ACTIVITY
The lines to be extracted run from the start of the listing through the line containing "Drive Motor Power Relay: Specifications"; copy them exactly and nothing else.

Segment Open

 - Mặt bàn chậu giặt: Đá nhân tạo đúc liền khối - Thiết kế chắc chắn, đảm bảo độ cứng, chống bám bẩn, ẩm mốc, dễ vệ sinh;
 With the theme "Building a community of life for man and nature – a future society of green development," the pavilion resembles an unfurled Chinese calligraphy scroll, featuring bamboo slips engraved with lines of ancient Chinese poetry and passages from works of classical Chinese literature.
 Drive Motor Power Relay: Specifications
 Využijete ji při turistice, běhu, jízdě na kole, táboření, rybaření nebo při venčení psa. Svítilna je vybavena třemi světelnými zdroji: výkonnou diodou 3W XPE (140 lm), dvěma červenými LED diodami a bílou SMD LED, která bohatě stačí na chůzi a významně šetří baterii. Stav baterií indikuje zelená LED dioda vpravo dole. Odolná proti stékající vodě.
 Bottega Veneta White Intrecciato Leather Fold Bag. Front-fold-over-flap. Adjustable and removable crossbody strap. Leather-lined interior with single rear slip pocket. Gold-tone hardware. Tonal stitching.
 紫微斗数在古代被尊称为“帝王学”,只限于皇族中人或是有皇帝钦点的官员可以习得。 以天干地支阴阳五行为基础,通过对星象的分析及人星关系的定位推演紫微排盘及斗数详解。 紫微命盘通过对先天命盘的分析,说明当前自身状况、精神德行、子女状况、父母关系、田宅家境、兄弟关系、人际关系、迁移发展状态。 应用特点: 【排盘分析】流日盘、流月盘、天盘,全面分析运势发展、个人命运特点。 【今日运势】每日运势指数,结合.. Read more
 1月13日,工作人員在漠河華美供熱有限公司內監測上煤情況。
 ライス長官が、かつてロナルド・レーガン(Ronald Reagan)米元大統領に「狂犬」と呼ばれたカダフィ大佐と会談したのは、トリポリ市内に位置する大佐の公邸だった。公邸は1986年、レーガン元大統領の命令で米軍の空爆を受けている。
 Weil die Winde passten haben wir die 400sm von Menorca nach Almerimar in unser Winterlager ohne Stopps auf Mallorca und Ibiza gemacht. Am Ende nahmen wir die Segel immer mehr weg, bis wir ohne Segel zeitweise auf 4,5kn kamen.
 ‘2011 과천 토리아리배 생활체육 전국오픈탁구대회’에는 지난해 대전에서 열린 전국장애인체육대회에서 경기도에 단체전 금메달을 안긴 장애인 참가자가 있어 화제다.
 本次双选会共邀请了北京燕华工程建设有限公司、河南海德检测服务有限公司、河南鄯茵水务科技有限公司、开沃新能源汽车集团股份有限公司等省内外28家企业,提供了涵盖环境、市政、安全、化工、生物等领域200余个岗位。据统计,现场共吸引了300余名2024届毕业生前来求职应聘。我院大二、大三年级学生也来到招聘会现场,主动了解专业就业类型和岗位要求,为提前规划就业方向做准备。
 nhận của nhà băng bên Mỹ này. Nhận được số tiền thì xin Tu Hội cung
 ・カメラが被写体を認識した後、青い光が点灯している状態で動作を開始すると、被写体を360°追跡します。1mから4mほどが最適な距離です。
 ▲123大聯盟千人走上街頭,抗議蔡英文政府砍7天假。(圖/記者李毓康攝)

Segment Closed

WRITTEN SOLUTION
 - Mặt bàn chậu giặt: Đá nhân tạo đúc liền khối - Thiết kế chắc chắn, đảm bảo độ cứng, chống bám bẩn, ẩm mốc, dễ vệ sinh;
 With the theme "Building a community of life for man and nature – a future society of green development," the pavilion resembles an unfurled Chinese calligraphy scroll, featuring bamboo slips engraved with lines of ancient Chinese poetry and passages from works of classical Chinese literature.
 Drive Motor Power Relay: Specifications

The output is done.